Other challenges included insufficient financing to pay for home repairs, higher insurance premiums, and difficulty finding full-time employment to support a return to permanent housing, according to a new report by the Government Accountability Office (GAO).
In 2005, Katrina destroyed or made uninhabitable an estimated 300,000 homes, leaving thousands of people in need of temporary housing across the Gulf Coast.
FEMA provided direct housing assistance to about 143,500 households, primarily in the form of temporary housing such as travel trailers or manufactured homes. In most cases, households were placed in units on private property near their homes so they had a place to live while repairing their homes. FEMA also placed about 25,000 households in units at more than 700 group sites.
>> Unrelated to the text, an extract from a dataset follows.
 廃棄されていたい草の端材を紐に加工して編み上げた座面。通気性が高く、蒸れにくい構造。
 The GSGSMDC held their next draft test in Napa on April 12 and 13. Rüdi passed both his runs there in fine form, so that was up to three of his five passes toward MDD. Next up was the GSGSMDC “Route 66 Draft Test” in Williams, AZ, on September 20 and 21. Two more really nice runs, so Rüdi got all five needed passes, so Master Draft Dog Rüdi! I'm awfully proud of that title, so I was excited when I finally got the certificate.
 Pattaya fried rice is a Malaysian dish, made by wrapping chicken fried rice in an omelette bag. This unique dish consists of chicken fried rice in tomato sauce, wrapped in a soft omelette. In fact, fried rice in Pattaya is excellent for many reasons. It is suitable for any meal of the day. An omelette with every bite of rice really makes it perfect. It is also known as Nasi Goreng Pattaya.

More than three years after the storms, 348 households continued to live in 101 group sites as of June 18, 2009, according to the GAO.
One of the big challenges has been finding affordable rental housing because rents increased significantly following the storms in certain metropolitan areas. For example, the fair market rent for a two-bedroom unit in the New Orleans area increased 52 percent from $676 to $1,030 between 2005 and 2009.
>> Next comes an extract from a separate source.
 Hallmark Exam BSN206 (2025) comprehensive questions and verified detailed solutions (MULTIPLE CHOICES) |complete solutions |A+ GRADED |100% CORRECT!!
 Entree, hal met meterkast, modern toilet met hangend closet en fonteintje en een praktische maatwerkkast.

The higher rents were driven by a decrease in the supply of available affordable apartments and an increase in demand for undamaged rental units.
The report noted that although the Gulf Coast states had awarded nearly all of their Gulf Opportunity Zone low-income housing tax credits, few apartments have been placed in service. Neither Louisiana nor Mississippi had placed more than 35 percent of planned units in service as of December 2008.
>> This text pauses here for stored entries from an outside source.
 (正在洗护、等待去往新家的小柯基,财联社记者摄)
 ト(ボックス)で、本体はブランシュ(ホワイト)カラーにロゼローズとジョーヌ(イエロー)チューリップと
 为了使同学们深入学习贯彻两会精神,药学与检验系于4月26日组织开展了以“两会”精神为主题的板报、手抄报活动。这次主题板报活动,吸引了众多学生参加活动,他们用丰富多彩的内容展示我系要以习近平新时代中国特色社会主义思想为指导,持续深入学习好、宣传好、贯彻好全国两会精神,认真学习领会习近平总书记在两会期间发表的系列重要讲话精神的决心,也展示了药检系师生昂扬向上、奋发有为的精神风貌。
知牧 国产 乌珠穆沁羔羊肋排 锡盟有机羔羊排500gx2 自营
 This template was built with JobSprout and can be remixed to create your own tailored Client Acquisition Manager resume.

A drop in tax credit equity has meant that developers have had to seek additional funding to make up for budget shortfalls. Not-in-my-backyard, or NIMBY, opposition has also made development difficult.
The report recommended that FEMA develop results-oriented performance measures for assistance in group sites, update its planning documents to reflect key characteristics of effective national strategies and plans, and clearly describe in its guidance how travel trailers and other options identified by the states can be deployed when other preferred options are not available.